As a consequence, a variety of self-declared political groups, including the Syrian opposition, Rojava, Tahrir al-Sham, and the Islamic State group, have developed on Syrian land. Due to the conflict, Syria was rated bottom on the Global Peace Index from 2016 to 2018, making it the world's most violent nation. More than 570,000 people have died as a result of the conflict, which has resulted in 7.6 million internally displaced people (according to UNHCR estimates from July 2015) and over 5 million refugees (according to UNHCR registrations from July 2017), making population estimates difficult in recent years. Here we collected some latest and most historical Syria Pictures.

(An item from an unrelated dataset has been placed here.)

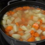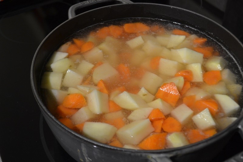 - 1. Preparation of fruit and vegetables: Peel the carrots and apples, then cut them into small cubes. Put them in a pot with water and cook until softened.
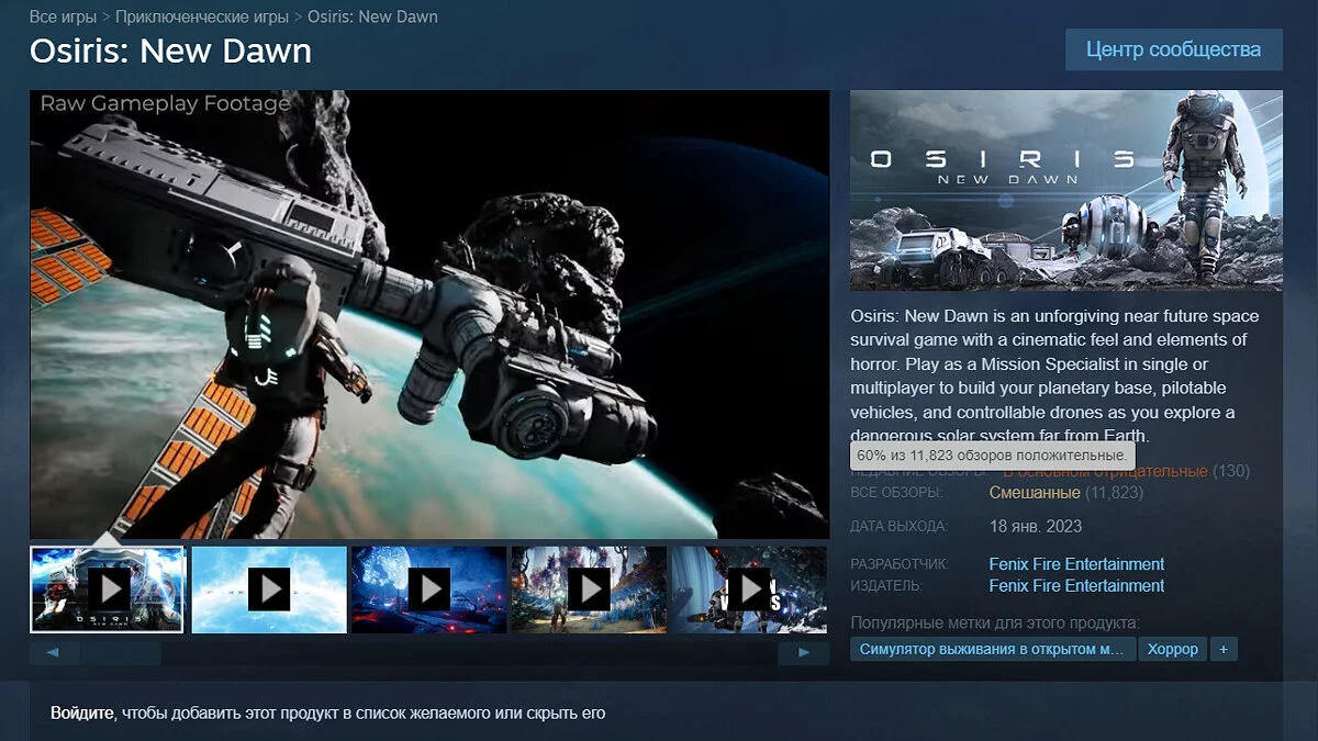 На днях состоялся релиз полной версии космического симулятора выживания под названием Osiris: New Dawn, который больше шести лет находился в раннем доступе. За это время проект получил свыше 11 тысяч отзывов, 60% из которых — положительные.

Krak des Chevaliers, also known as Hisn al-Akrad and originally Crac de l'Ospital, is a Crusader fortress in Syria that is one of the best-preserved medieval castles in the world. The place was initially occupied by Kurdish warriors and garrisoned by the Mirdasids in the 11th century.
The Stronghold of Saladin, also known as Sahyun Castle, is a medieval castle in northern Syria. It is situated in high, hilly terrain, 7 kilometers east of Al-Haffah town and 30 kilometers east of Latakia.
Palmyra is a historic Semitic city in Syria's Homs Governorate. The city was initially mentioned in writings in the early second millennium BC, and archeological artifacts dating back to the Neolithic era.
Dura-Europos was a Hellenistic, Parthian, and Roman frontier city located 90 meters above the Euphrates River's southwestern bank. In modern-day Syria, it lies near the settlement of Salhiyé.
Bosra has a long history and was a flourishing provincial capital and metropolitan archbishopric during the Roman Empire when it was under the authority of the Eastern Orthodox Patriarchate of Antioch and All the East. During the Islamic period, it remained administratively significant, but during the Ottoman era, it became less so. It also became the titular see of a Melkite Catholic Archeparchy and the episcopal see of a Latin Catholic titular church. It is now a well-known archaeological site that UNESCO has named a World Heritage Site because it is so important.